On April 26, 2010, Move, Inc. (the Company) completed a sale to SecondMarket, Inc., in a riskless
principal transaction, of the Companys entire portfolio of auction rate securities for
approximately $109.8 million in cash. These auction rate securities (ARS) are high-grade
(primarily AAA rated) student loan auction rate securities issued by student loan funding
organizations, which loans are 97% guaranteed under FFELP (Federal Family Education Loan Program).

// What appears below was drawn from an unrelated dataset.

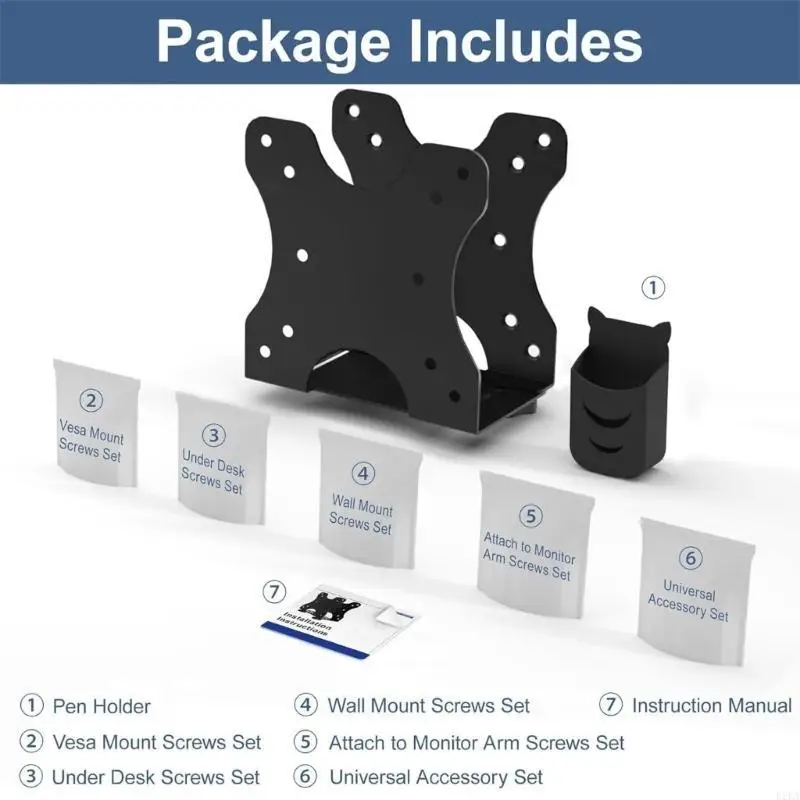 Características:OOTDTYEste soporte para computadora ofrece una solución de montaje para integrar una PC pequeña en su espacio de trabajo, se puede conectar al soporte del brazo, al soporte debajo del escritorio, al soporte de escritorio de mesa o al soporte de pared.

As reflected in the Companys annual report on Form 10-K for the period ended December 31, 2009,
filed with the SEC on March 5, 2010 (the 2009 Annual Report), the Companys ARS portfolio had a
par value of approximately $129.4 million and had an estimated fair value of approximately $111.8
million. The Company had recognized a temporary loss of approximately $17.6 million that was
included in Other Comprehensive Income on the balance sheet of the Company in accordance with
FASB Accounting Standards Codification 320 Investments Debt and Equity Securities and
related guidance issued by the FASB and SEC, as reflected in the 2009 Annual Report. The Company
will take a charge of approximately $20 million to its consolidated statements of operations for
the quarter ended March 31, 2010. The transaction costs of approximately $1 million associated
with this transaction will be recorded in the quarter ending June 30, 2010.